- [Goal of the exercise]: Output each entry verbatim and exclude every picture from it.

Start of Data in this exercise

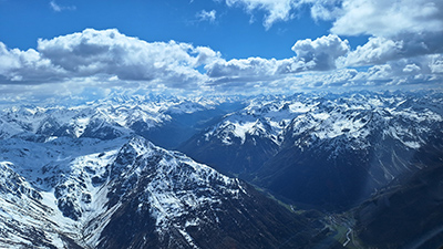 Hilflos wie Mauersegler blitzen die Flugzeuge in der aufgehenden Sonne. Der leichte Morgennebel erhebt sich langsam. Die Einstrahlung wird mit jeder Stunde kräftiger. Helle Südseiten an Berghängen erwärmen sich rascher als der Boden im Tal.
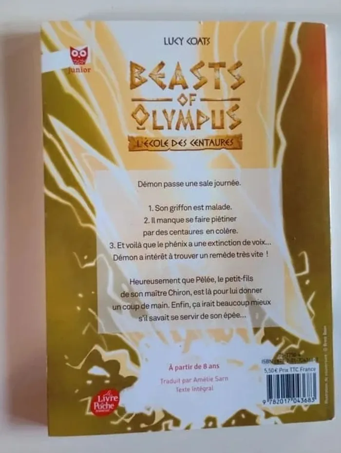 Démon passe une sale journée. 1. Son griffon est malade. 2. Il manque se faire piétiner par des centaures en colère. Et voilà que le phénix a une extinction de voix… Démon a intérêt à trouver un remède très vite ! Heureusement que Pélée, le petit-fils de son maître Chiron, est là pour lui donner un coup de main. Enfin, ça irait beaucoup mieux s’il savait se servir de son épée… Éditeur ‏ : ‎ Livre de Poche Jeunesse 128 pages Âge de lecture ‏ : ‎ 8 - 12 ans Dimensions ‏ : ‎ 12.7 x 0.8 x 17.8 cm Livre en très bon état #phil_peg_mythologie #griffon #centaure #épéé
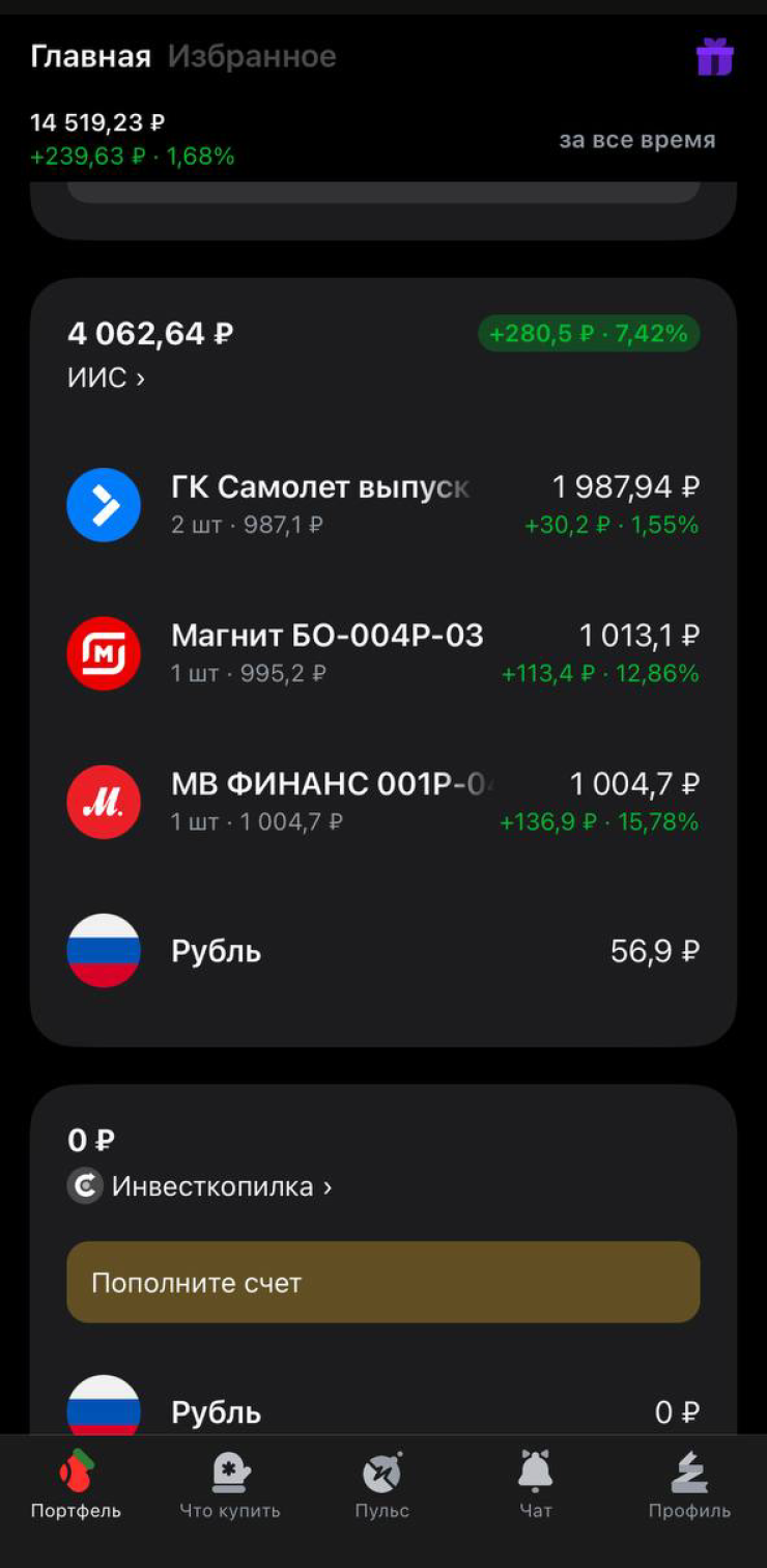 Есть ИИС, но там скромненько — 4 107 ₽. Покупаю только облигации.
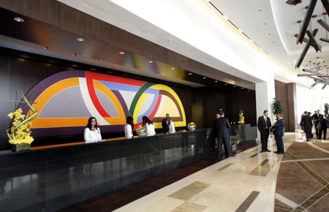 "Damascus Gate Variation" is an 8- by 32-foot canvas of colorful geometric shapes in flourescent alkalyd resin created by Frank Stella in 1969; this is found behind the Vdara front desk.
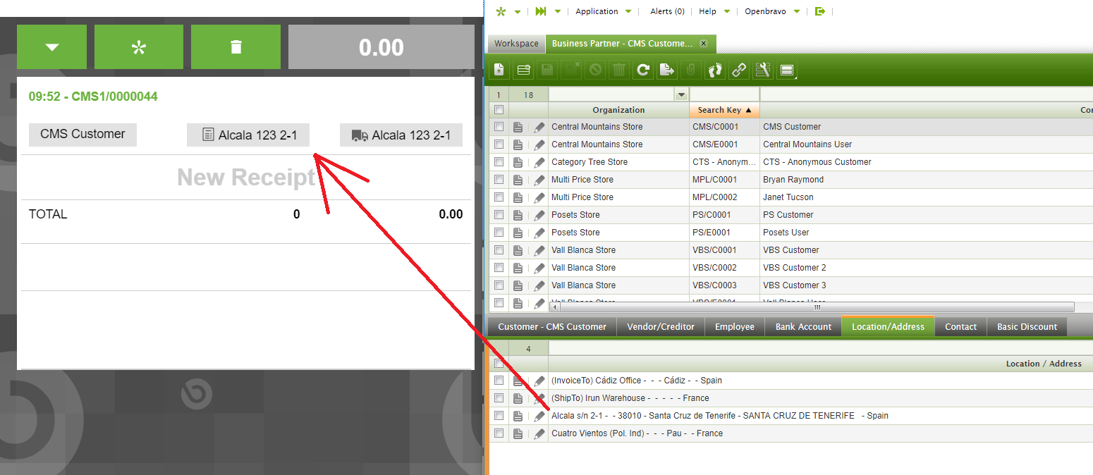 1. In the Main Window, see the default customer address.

End of Data in this exercise

- [Response box]:
 Hilflos wie Mauersegler blitzen die Flugzeuge in der aufgehenden Sonne. Der leichte Morgennebel erhebt sich langsam. Die Einstrahlung wird mit jeder Stunde kräftiger. Helle Südseiten an Berghängen erwärmen sich rascher als der Boden im Tal.
 Démon passe une sale journée. 1. Son griffon est malade. 2. Il manque se faire piétiner par des centaures en colère. Et voilà que le phénix a une extinction de voix… Démon a intérêt à trouver un remède très vite ! Heureusement que Pélée, le petit-fils de son maître Chiron, est là pour lui donner un coup de main. Enfin, ça irait beaucoup mieux s’il savait se servir de son épée… Éditeur ‏ : ‎ Livre de Poche Jeunesse 128 pages Âge de lecture ‏ : ‎ 8 - 12 ans Dimensions ‏ : ‎ 12.7 x 0.8 x 17.8 cm Livre en très bon état #phil_peg_mythologie #griffon #centaure #épéé
 Есть ИИС, но там скромненько — 4 107 ₽. Покупаю только облигации.
 "Damascus Gate Variation" is an 8- by 32-foot canvas of colorful geometric shapes in flourescent alkalyd resin created by Frank Stella in 1969; this is found behind the Vdara front desk.
 1. In the Main Window, see the default customer address.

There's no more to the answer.